In Hunstein v. Preferred Collection and Management Services, Inc., the Eleventh Circuit held that the transmission by a collector of a debtor’s personal information to its printer for the purpose of preparing a letter of recovery constitutes communication “in connection with collection of any debt ”within the meaning of 15 USC § 1692c (b) of the FDCPA. Section 1692c (b) generally prohibits communication with third parties “in connection with the collection of any debt” without the consumer’s prior consent, except in limited circumstances.

In reaching this conclusion, the Eleventh Circuit interpreted “as part of the recovery of any debtIn an extremely broad way, rejecting the need for communication to the third party to constitute itself the collection of debts. The Court treated the expression as being “invariably a vague and loose conjunctive”, and therefore simply “relating to”, to be “in reference to” or “to have a relation or association” with debt collection is sufficient.

Significantly, this is not the only time this phrase appears in the FDCPA. There is a long line of cases interpreting the phrase “as part of the recovery of any debt”Closely in the context of §1692e claims relating to false, misleading or deceptive representations, generally requiring that the communication include a demand for payment. However, the Eleventh Circuit expressly rejected the application of this narrow interpretation to the claims of § 1692c (b), taking the unusual position that the sentence need not be interpreted consistently throughout the FDCPA. Fortunately, by expressly stating that different interpretations are appropriate and focusing on the specific context of §1692c (b), the Eleventh Circuit likely created a significant obstacle to any attempt to extend this ruling to other provisions of the FDCPA. , including those involving direct communication. to the debtor.

The extremely broad interpretation of this expression by the Court creates an immediate risk for companies that transfer consumer data to third parties, even in the performance of ministerial tasks such as creating and sending follow-up letters and phone calls.

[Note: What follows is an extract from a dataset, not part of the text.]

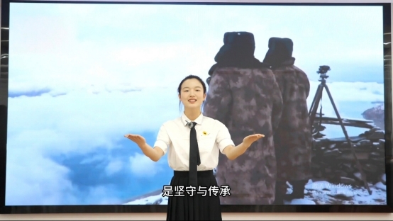 张紫涵与徐紫彤结合自身军事训练相关经历,发表了《爱我中华,强我国防》的演讲。她们通过描述自身经历,抒发亲身感悟,表达了对国防军事人员最崇高的敬意,抒发出作为中国人的志气与底气,展示了争当先锋、砥砺奋斗的自信与勇气。
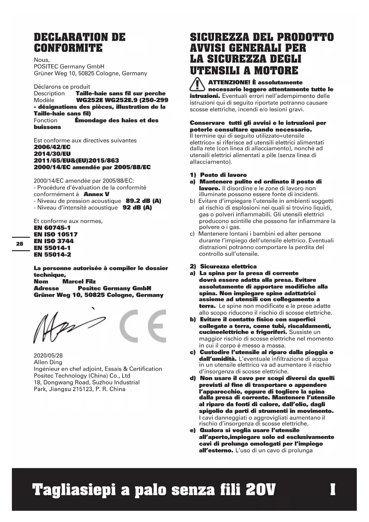 Quando si procede al taglio frontale e laterale, cominciare sempre dal basso verso l’alto arrotondando il lato della siepe. Questa forma esporrà al sole più superficie della siepe e quindi permetterà una crescita uniforme della stessa. MANUTENZIONE Prima di eseguire qualsiasi intervento di regolazione, manutenzione o assistenza estrarre la batteria dal tagliasiepi. All’interno dell’attrezzo non ci sono parti riparabili da parte dell’utente. Non usare mai acqua o detergenti chimici per pulire l’attrezzo. Pulire con un panno asciutto. Immagazzinare sempre gli attrezzi elettrici in luoghi asciutti. Tenere pulite le aperture di ventilazione del motore. Tenere puliti dalla polvere tutti i controlli operativi. TUTELA AMBIENTALE I prodotti elettrici non possono essere gettati tra i rifiuti domestici. L’apparecchio da rottamare deve essere portato al centro di riciclaggio per un corretto trattamento. Controllare con le autorità locali o con il rivenditore per localizzare il centro di raccolta/riciclaggio più vicino. DICHIARAZIONE DI CONFORMITÀ NOI, POSITEC Germany GmbH Grüner Weg 10, 50825 Cologne, Germany Dichiara che l’apparecchio, Descrizione Tagliasiepi con asta telescopica senza fili Codice WG252E WG252E.9 (250-299 - designazione del macchinario rappresentativo del tagliasiepi) Funzione L’utensile è previsto per tagliare e tosare siepi e cespugli del Vostro giardino. È conforme alle seguenti direttive, 2006/42/EC 2014/30/EU 2011/65/EU&(EU)2015/863 2000/14/EC modificata dalla 2005/88/EC 2000/14/EC modificata dalla 2005/88/EC: - Procedura di conformità come da Annex V - Potenza acustica pesata 89.2 dB(A) - Massima potenza di rumore garantita 92 dB(A) conforme a, EN 60745-1 EN ISO 10517 EN ISO 3744 EN 55014-1 EN 55014-2 Il responsabile autorizzato alla compilazione della documentazione tecnica, Nome Marcel Filz Indirizzo Positec Germany GmbH Grüner Weg 10, 50825 Cologne, Germany 2020/05/28 Allen Ding Vice capo ingegnere, testing e certificazione Positec Technology (China) Co., Ltd 18, Dongwang Road, Suzhou Industrial Park, Jiangsu 215123, P. R. China36 Recortadora de setos de poste inalámbrico de 20V

The Court explains that the consequence of the detention can oblige the companies to obtain supplies “”many services“which would generally be outsourced, signaling that there is a wide range of third-party services that could be swept away by the ruling. In addition to the copy lawsuits related to the third-party submission, we expect the bar The complainant is also targeting other types of vendor services, testing the waters as to the extent to which they can stretch the Eleventh Circuit’s interpretation of what is “as part of the recovery of any debt. “

We are closely monitoring developments related to this issue, and early signs indicate that the collection agency will seek to in bench repetition.